(Collected data)
-*-*-

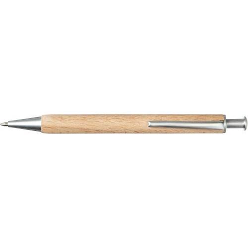 Kugelschreiber aus Buchenholz, mit Metall-Clip, -Spitze und blauer Mine. Ausgestattet mit deutscher Dokumententinte.
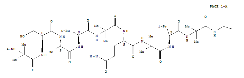 - Synonyms:L-Glutamamide,N-acetyl-2-methylalanyl-L-seryl-L-alanyl-L-leucyl-2-methylalanyl-L-glutaminyl-2-methylalanyl-L-valyl-2-methylalanylglycyl-2-methylalanyl-2-methylalanyl-L-prolyl-L-leucyl-2-methylalanyl-2-methylalanyl-N1-[(1S)-1-(hydroxymethyl)-2-methylpropyl]-
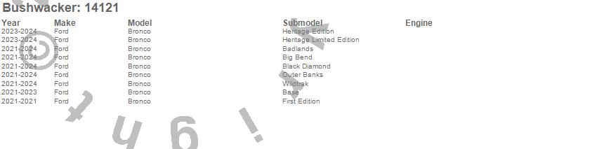 Below is an abbreviated list of applications for the TrailArmor Rocker Panel.Bronco, Ford, 2025, 2024, 2023, 2022, 2021
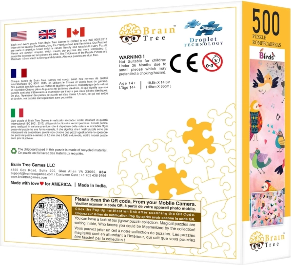 Jocul de puzzle Puzzle Brain Tree Păsări de Basm va încânta toți entuziaștii de puzzle prin calitatea și originalitatea sa. Piesele sunt plăcute la atingere și sunt foarte rezistente la uzură, asigurând astfel o durabilitate îndelungată. Spre deosebire de puzzle-urile tradiționale, unde piesele sunt tăiate într-un model de grilă, aici veți găsi piese de forme diverse, care aduc o nouă dimensiune aventuroasă jocului.
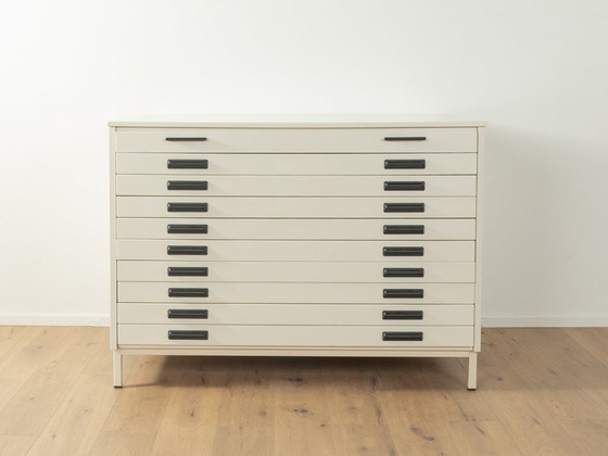 Prachtige ladekast uit de jaren 50. Hoogwaardige kast van wit gelakt blokplaat met tien laden en vierkante stalen poten in wit.
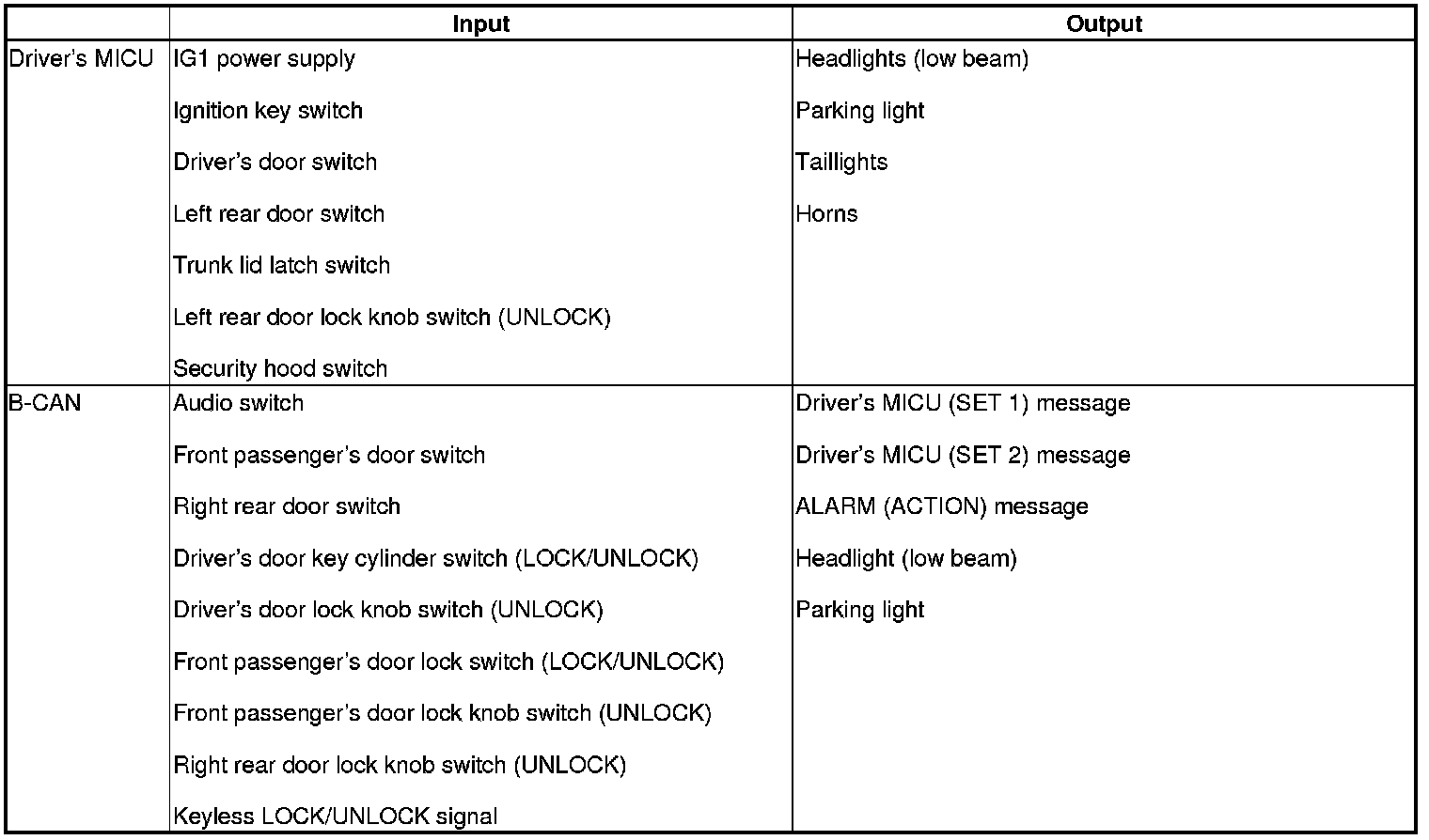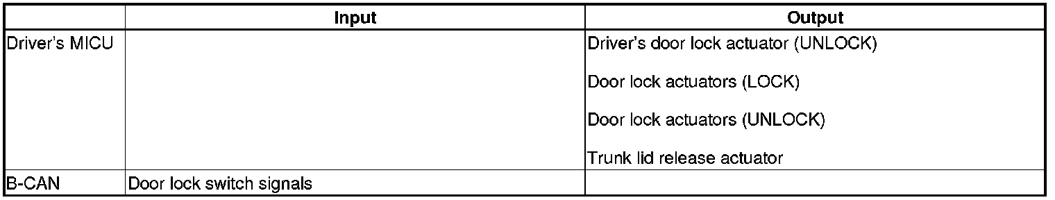 The driver's MICU control of the door lock actuators LOCK, UNLOCK, DRIVER'S UNLOCK, TRUNK UNLOCK is based on B-CAN door lock switch signals.
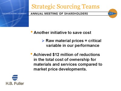 ANOTHER INITIATIVE TO CONTAIN COSTS WAS IN THE AREA OF STRATEGIC SOURCING, OR PROCUREMENT. AS YOU KNOW, RAW MATERIAL PRICES ARE ONE OF THE MOST CRITICAL VARIABLES IN OUR PERFORMANCE. AGAIN, USING TEAMS, WE ACHIEVED $12 MILLION OF REDUCTIONS IN THE TOTAL COST OF OWNERSHIP FOR MATERIALS AND SERVICES COMPARED TO MARKET PRICE DEVELOPMENTS.
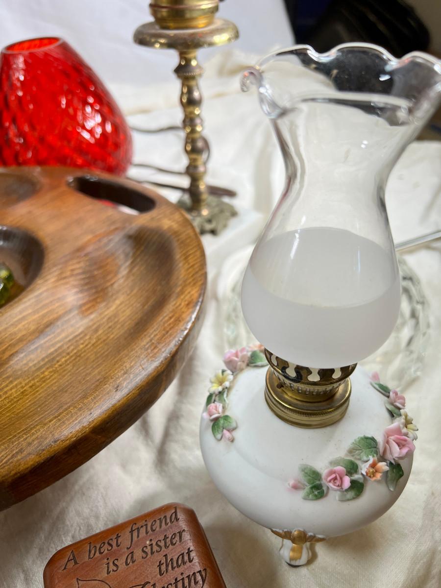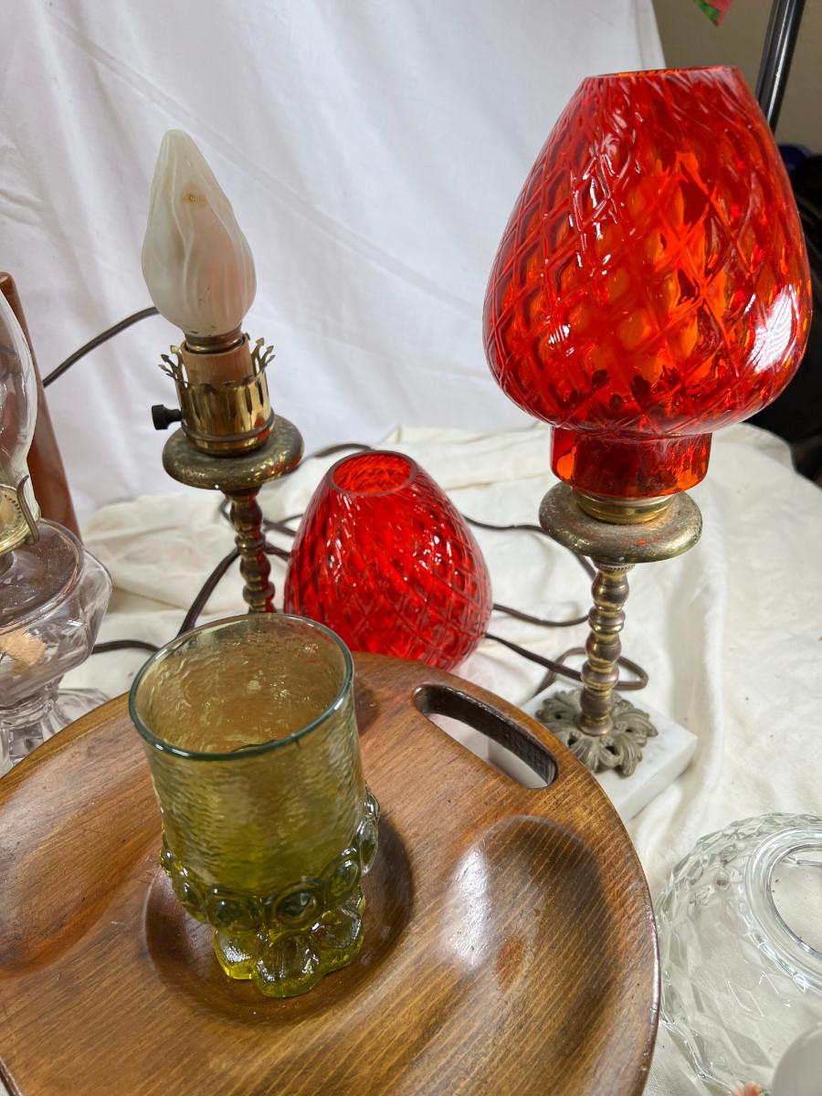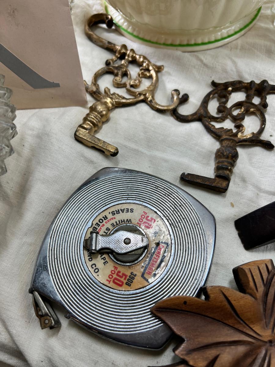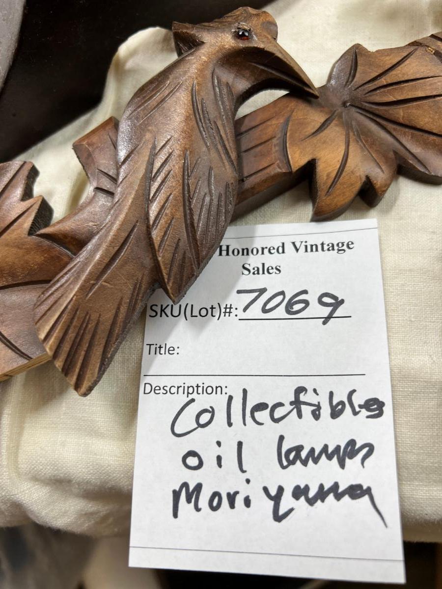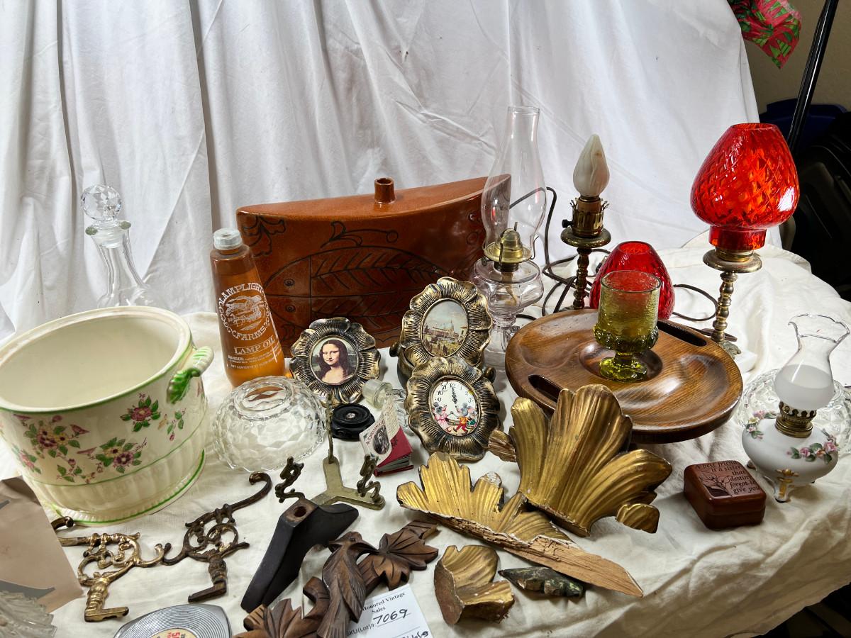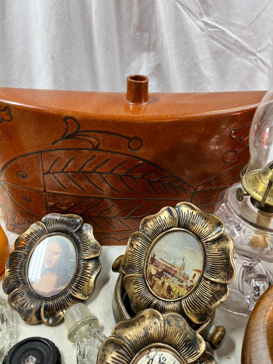 large ceramic brown fish flower vase. Moriyama Japan cookie ceramic jar with lid ( some stain and slight crack) 2 electric lights, untested. A variety of old light globes and oil lamp parts. Wooden pieces, tape measure

-*-*-

WHAT TO WORK ON ::
Keeping every word as it is, write out all the data and omit the pictures.

ANSWER TO THE PROBLEM ::
 Kugelschreiber aus Buchenholz, mit Metall-Clip, -Spitze und blauer Mine. Ausgestattet mit deutscher Dokumententinte.
 - Synonyms:L-Glutamamide,N-acetyl-2-methylalanyl-L-seryl-L-alanyl-L-leucyl-2-methylalanyl-L-glutaminyl-2-methylalanyl-L-valyl-2-methylalanylglycyl-2-methylalanyl-2-methylalanyl-L-prolyl-L-leucyl-2-methylalanyl-2-methylalanyl-N1-[(1S)-1-(hydroxymethyl)-2-methylpropyl]-
 Below is an abbreviated list of applications for the TrailArmor Rocker Panel.Bronco, Ford, 2025, 2024, 2023, 2022, 2021
 Jocul de puzzle Puzzle Brain Tree Păsări de Basm va încânta toți entuziaștii de puzzle prin calitatea și originalitatea sa. Piesele sunt plăcute la atingere și sunt foarte rezistente la uzură, asigurând astfel o durabilitate îndelungată. Spre deosebire de puzzle-urile tradiționale, unde piesele sunt tăiate într-un model de grilă, aici veți găsi piese de forme diverse, care aduc o nouă dimensiune aventuroasă jocului.
 Prachtige ladekast uit de jaren 50. Hoogwaardige kast van wit gelakt blokplaat met tien laden en vierkante stalen poten in wit.
 The driver's MICU control of the door lock actuators LOCK, UNLOCK, DRIVER'S UNLOCK, TRUNK UNLOCK is based on B-CAN door lock switch signals.
 ANOTHER INITIATIVE TO CONTAIN COSTS WAS IN THE AREA OF STRATEGIC SOURCING, OR PROCUREMENT. AS YOU KNOW, RAW MATERIAL PRICES ARE ONE OF THE MOST CRITICAL VARIABLES IN OUR PERFORMANCE. AGAIN, USING TEAMS, WE ACHIEVED $12 MILLION OF REDUCTIONS IN THE TOTAL COST OF OWNERSHIP FOR MATERIALS AND SERVICES COMPARED TO MARKET PRICE DEVELOPMENTS.
 large ceramic brown fish flower vase. Moriyama Japan cookie ceramic jar with lid ( some stain and slight crack) 2 electric lights, untested. A variety of old light globes and oil lamp parts. Wooden pieces, tape measure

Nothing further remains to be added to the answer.